To help provide intuition, the simplest example of what a nonlinear compression scheme might look like is compressing two [0,1) dimensions x and y into a single [0,1) dimension t:

t = \frac{\lfloor Zx \rfloor + y}{Z}

This works by quantizing the x dimension using some integer Z such that the floating point precision of t is split between x and y. This particular function needs the discontinuous floor function to compute, and the discontinuous fmod function to invert, but models can’t compute discontinuous functions. However it’s possible to replace the discontinuities with steep linear segments that are only some epsilon value wide.

We can compare the mean squared error loss on random uniform dense values of x and y and see that even with epsilons as large as 0.1 and Z values as small as 3 the nonlinear compression outperforms linear compression such as picking one of the dimensions or using the average:

Connection between compressed sensing lower bounds and the toy model

Here, we formalize the relationship between a compressed sensing lower bound and the toy model.

Let T(x) : \mathbb{R}^n \to \mathbb{R}^n be the complete toy model autoencoder defined by T(x) = \mathrm{ReLU}(W_2 W_1 x - b) for an m \times n matrix W_1 and an n \times m matrix W_2.  

We derive the following theorem:

Theorem 1. Suppose that the toy model recovers all x with T(x) such that \|T(x) - x\|_2 \leq \varepsilon for sufficiently small \varepsilon and W_1 has the (\delta, k) restricted isometry property. The inner dimension of the projection matrix W is m = \Omega(k log(n/k)).

We prove this result by framing our toy model as a compressed sensing algorithm. The primary barrier to doing so is that our optimization only searches for vectors that are close in \ell_2 distance to the original vector and may not itself be exactly k-sparse. The following lemma resolves this concern through a denoising step:

Lemma 1. Suppose that we have a toy model T(x) with the properties in Theorem 1. Then there exists a compressed sensing algorithm f(y) : \mathbb{R}^m \to \mathbb{R}^n for the measurement matrix W_1.

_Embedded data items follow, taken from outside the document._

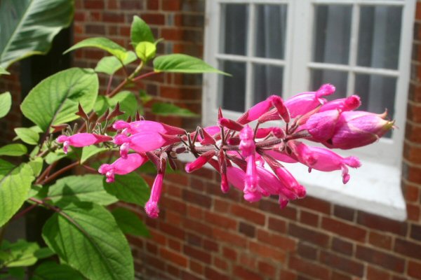 A tall, woody-based half-hardy perennial, native to Mexico, with heart-shaped, 10 cm long-stalked leaves and tubular, two-lipped, purplish-pink flowers with conspicuous pink bracts which soon fall.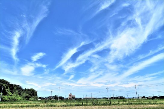 ・本日も猛暑日。昼前の散歩では濡れ手拭いを忘れたが大丈夫だった。青空に雲が綺麗な模様を描いていた(写真1)〔仕事と歩数〕某企業川柳コンテスト選評。明日の塔句会向け作句&段取り。5,515歩。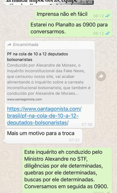 Ao “Jornal Nacional”, da TV Globo, Moro enviou a troca de mensagens com o presidente. Na imagem, Bolsonaro compartilha um link do site “O Antagonista”. O texto da publicação cita uma informação apresentada pelo colunista Merval Pereira, do GLOBO, de que o primeiro inquérito “já tem uma relação de 10 a 12 deputados bolsonaristas, mais empresários, que tiveram o sigilo quebrado, e a Polícia Federal estava a ponto de fazer busca e apreensão em seus endereços quando veio a quarentena”. Acompanhado do link, Bolsonaro diz que este seria “mais um motivo para a troca”.
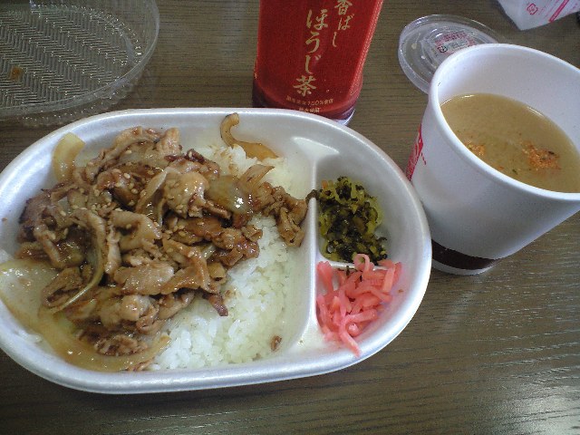 多くの場合、しょうが焼き弁当と、豚汁とほうじ茶をセットで買う。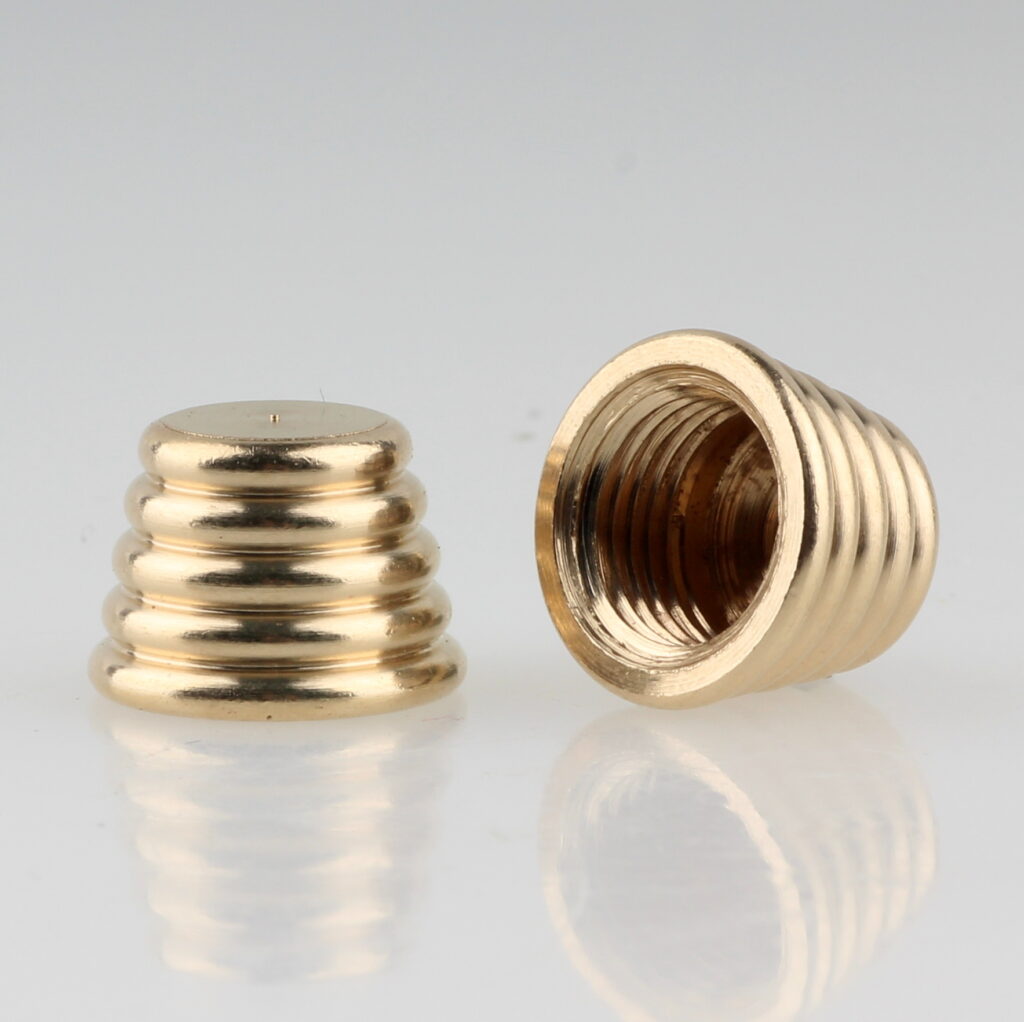 Diese kleinen, präzise gefertigten Bauteile sorgen für einen sauberen Abschluss von Gewindeverbindungen und werden eingesetzt, um sichtbare Gewindeteile optisch zu verdecken oder dekorativ zu gestalten. Besonders bei hochwertigen Lampen oder restaurierten Designleuchten sind solche Details entscheidend für ein harmonisches Gesamtbild.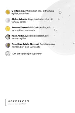 Heraflora Pure Light Aydınlatıcı, Leke Karşıtı Cilt Serumu 30 ml C Vitamini, Arbutin, Ananas Eks, Kojik Asit

Proof. We construct f(y) as follows. First, compute \tilde{x} = \mathrm{ReLU}(W_2 y - b), as in T(x). This produces the vector \tilde{x} = T(x) and so by supposition \|T(x) - x\|_2 \leq \varepsilon. Next, we threshold \tilde{x} to obtain \tilde{x}' by dropping all but its k largest entries. Lastly, we solve the optimization problem: \min_{x'} \|x' - \tilde{x}'\| subject to W_1 x' = y, which is convex because x' and \tilde{x}' have the same support. For sufficiently small \varepsilon (specifically, \varepsilon smaller than the (k + 1)th largest entry in x), both \tilde{x} and the nearest k-sparse vector to x have the same support, and so the the convex optimization problem has a unique solution: the nearest k sparse vector to x. Therefore, f is a compressed sensing algorithm for W_1 with approximation factor 1. \qed.

Lastly, we use the deterministic compressed sensing lower bound of Do Ba, Indyk, Price, and Woodruff :

Theorem 2 (Corollary 3.1 in ). Given a k \times n matrix A with the restricted isometry property, a sparse recovery algorithm find a k-sparse approximation \hat{x} of x \in \mathbb{R}^n from Ax such that

\|x - \hat{x}\|_1 \leq C(k) \min_{x', \|x'\|_0 \leq k} \|x - x'\|_1

for an approximation factor C(k). If C(k) = O(1), then a sparse recovery algorithm exists only if m = \Omega(k \log (n/k)).

Theorem 1 follows directly from Lemma 1 and Theorem 2.